Introduction
The term dentigerous refers to ‘tooth bearing’. Dentigerous cyst being the most common developmental cyst of odontogenic origin contributes to 49% of all cystic lesions. It develops around the coronal portion of an unerupted tooth.1
It is formed due to the obstruction of venous flow by the developing tooth and fluid collection between the follicular epithelium and the crown of the developing or unerupted tooth.2 It has a higher male predilection. 1, 3
The three types of dentigerous cysts: central, lateral, or circumferential are based on their relationship to the involved tooth crown. The central form appears around the crown, the lateral variant partially covers the crown and the circumferential form encompasses both the coronal and the radicular portion of the involved tooth. 4
The most common site is the mandibular third molar (77%), followed by the maxillary third molar (11%), and canine (5%), and only 1% were related to impacted supernumerary teeth. The highest incidence is noted in the second to fourth decades. 2
In this case report, we present a unique, unusual, and extensive case of a dentigerous cyst involving the mandible region crossing the midline and associated with a supernumerary tooth.
Case History
A 48-year-old male patient reported with a chief complaint of swelling in the right lower back tooth region since 2 years. The patient gave history of pain and loss of sensation since two months.
Intraoral examination revealed missing 45 [Figure 1a] and a well-defined dome-shaped swelling in the buccal vestibule in relation to 44 to 48 region measuring approximately 2x2 cm. [Figure 1b] On palpation, expansion of the buccal cortex was noted from 43 to 48 region with vestibular obliteration and tenderness noted from 34 to 48 region.
A provisional diagnosis of odontogenic cyst and differential diagnoses of dentigerous cyst and ameloblastoma were considered.
Investigations
Fine Needle aspiration cytology was suggestive of an acute inflammatory lesion.
The orthopantomogram revealed a well-defined radiolucent lesion extending from the distal aspect of 34 to 48 region with smooth hydraulic borders with root resorption of the involved tooth and impacted 45 and a partially developed supernumerary tooth inside the lesion. [Figure 1c]
Cone Beam Computed Tomography revealed a well-defined radiolucent lytic lesion extending from the distal aspect of 34 to the distal aspect of 47 regions measuring approximately 85.4x21.3x18.8mm (A-P, S-I, M-D). [Figure 1a] The internal structure showed septations with impacted 45 and supernumerary tooth. Scalloped borders and knife-edged pattern of root resorption noted in relation to the involved teeth.
Expansion and perforation of buccal cortex with thinning of lingual cortex was noted. The inferior alveolar nerve was displaced along the intact thinned-out lower border of mandible. [Figure 1b,c&2d]

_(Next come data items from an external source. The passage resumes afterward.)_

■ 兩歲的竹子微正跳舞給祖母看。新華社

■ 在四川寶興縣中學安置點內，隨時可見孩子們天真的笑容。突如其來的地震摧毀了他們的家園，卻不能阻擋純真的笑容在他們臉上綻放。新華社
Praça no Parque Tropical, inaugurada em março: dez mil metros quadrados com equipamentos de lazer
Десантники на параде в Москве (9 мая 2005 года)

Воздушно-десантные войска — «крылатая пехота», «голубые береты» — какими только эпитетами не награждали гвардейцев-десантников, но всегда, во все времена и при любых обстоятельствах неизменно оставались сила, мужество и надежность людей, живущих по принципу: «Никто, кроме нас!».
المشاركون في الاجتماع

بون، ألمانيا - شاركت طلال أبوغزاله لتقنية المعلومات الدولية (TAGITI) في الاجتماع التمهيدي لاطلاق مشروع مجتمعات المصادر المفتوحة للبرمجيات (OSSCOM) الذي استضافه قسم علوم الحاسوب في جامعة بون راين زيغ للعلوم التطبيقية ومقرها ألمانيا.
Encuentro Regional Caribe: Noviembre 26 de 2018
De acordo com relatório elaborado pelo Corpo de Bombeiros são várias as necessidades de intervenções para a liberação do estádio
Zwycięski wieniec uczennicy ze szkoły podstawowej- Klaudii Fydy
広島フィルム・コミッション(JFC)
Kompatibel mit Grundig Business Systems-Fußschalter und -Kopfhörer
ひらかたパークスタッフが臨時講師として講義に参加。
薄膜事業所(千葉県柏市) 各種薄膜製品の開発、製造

Cystic enucleation and extraction of 31 to 47 along with endodontic treatment of 32, 33, and 34 was done.
The histopathological section showed multiple tissue bits cyst lined by stratified squamous epithelium with focal acanthosis and absence of rete ridges, suggestive of a dentigerous cyst.[Figure 1a & b]

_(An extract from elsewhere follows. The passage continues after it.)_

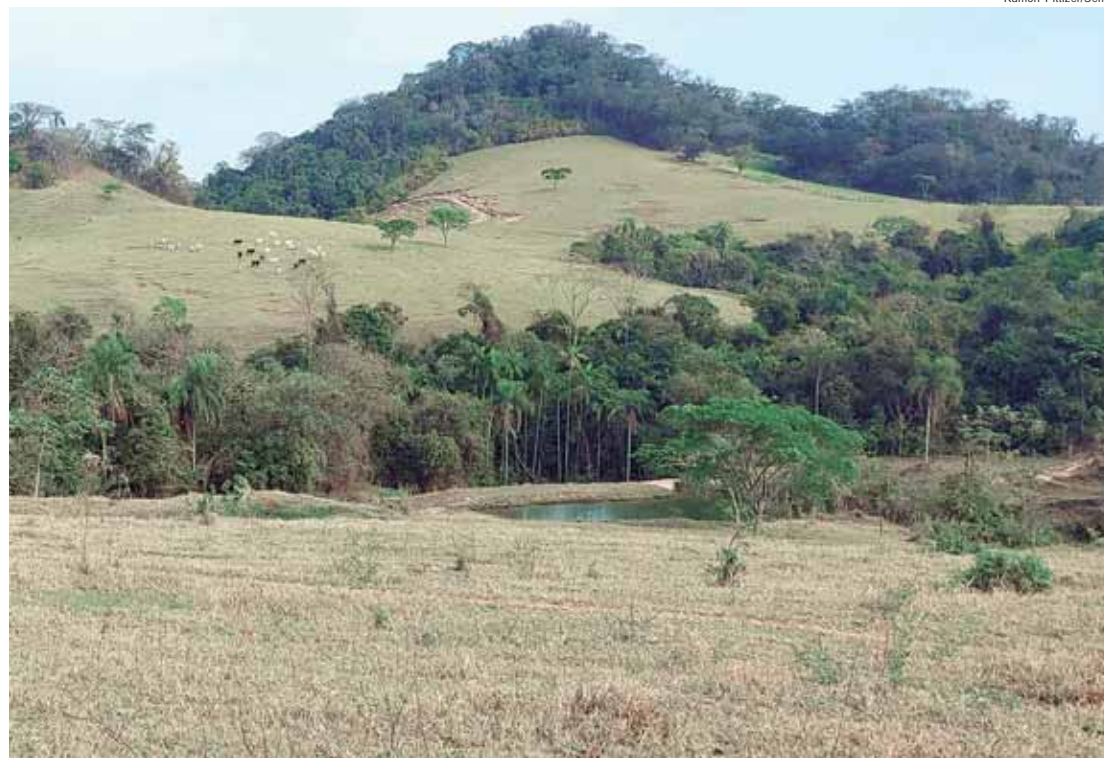
GT será composto por representantes da Prefeitura, dos Conselhos Municipais, de órgãos ou entidades e da sociedade civil organizada correlatas

Os Planos Municipais de Conservação da Mata Atlântica e Cerrado buscam retratar a realidade de cada município, no que se refere aos cenários atuais e futuros do território, sendo uma oportunidade para orientar as ações públicas e

One-year follow-up and radiographs were taken and the patient was asymptomatic [Figure 1c]
Discussion
The present case highlights a dentigerous cyst arising from a partially developed supernumerary tooth. Dentigerous cysts which form from the reduced enamel epithelium encapsulate coronal portion of teeth. 2, 4
Proliferation of cyst causes expansion leading to the release of bone-resorbing factors resulting in increased osmolality of the cystic fluid. These changes can cause facial asymmetry, tooth displacement, and compression of vital structures. In our case, the inferior alveolar nerve bundle was compressed and the patient presented with paraesthesia.5, 6
Multiple dentigerous cysts are related to Marotreux-Lamy syndrome and cleidocranial dysplasia.3, 7
Clinically dentigerous cyst is asymptomatic and is identified as an accidental radiography finding.8
Radiographically dentigerous cyst presents as a symmetrical unilocular radiolucency around the crown of a tooth.2, 4
In our case the lesion was completely radiolucent with septations and impacted 45 and a supernumerary tooth and the lesion seemed to arise from the crown of the supernumerary tooth.

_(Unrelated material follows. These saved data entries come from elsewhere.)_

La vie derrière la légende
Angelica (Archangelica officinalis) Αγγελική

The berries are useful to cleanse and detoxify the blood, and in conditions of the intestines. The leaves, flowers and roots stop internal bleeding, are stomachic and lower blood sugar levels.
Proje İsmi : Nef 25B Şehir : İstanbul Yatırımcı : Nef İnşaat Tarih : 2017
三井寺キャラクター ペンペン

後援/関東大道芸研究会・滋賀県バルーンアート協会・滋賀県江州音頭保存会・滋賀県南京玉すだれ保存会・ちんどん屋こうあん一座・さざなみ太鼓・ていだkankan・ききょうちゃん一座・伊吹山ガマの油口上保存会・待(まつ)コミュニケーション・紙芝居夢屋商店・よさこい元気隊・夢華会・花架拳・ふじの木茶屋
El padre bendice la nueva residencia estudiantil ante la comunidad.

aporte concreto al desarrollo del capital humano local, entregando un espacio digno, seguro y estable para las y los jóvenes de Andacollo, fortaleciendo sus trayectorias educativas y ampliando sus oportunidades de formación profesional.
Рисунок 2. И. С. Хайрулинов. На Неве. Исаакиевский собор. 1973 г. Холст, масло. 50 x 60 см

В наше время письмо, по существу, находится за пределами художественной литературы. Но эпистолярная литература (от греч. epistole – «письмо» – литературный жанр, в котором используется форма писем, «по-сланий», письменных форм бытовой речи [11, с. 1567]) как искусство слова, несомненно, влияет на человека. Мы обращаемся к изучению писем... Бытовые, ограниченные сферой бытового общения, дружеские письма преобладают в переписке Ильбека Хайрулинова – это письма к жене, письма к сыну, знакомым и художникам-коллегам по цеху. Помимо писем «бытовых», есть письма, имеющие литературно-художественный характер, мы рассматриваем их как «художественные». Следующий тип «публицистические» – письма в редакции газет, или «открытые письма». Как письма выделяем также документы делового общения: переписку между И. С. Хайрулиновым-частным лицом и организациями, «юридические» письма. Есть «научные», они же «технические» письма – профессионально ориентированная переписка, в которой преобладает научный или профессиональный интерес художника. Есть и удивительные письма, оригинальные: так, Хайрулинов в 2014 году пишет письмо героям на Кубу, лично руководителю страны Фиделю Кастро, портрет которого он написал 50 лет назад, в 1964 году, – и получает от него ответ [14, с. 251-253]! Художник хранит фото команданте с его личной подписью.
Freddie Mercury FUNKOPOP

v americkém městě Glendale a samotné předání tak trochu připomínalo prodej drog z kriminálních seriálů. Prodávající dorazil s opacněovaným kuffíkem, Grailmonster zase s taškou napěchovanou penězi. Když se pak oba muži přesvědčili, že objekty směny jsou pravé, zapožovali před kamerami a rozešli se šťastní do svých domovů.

Histologically, the lumen is bordered by 2 to 4 cell layers of cuboidal to flattened non-keratinized epithelial cells that may generate keratin by metaplasia.4
The choice of treatment depends on various factors like age, size, location, root developmental stage, and relationship to the adjacent tooth. Enucleation and marsupialization are the treatment options for dentigerous cysts.9, 10 In our case complete removal of the cyst was performed.
The lining epithelium of dentigerous cysts is pluripotent and can turn into mural ameloblastoma, mucoepidermoid carcinoma, or squamous cell carcinoma.2 Therefore when the cyst is completely removed, the prognosis is better, and recurrence is uncommon.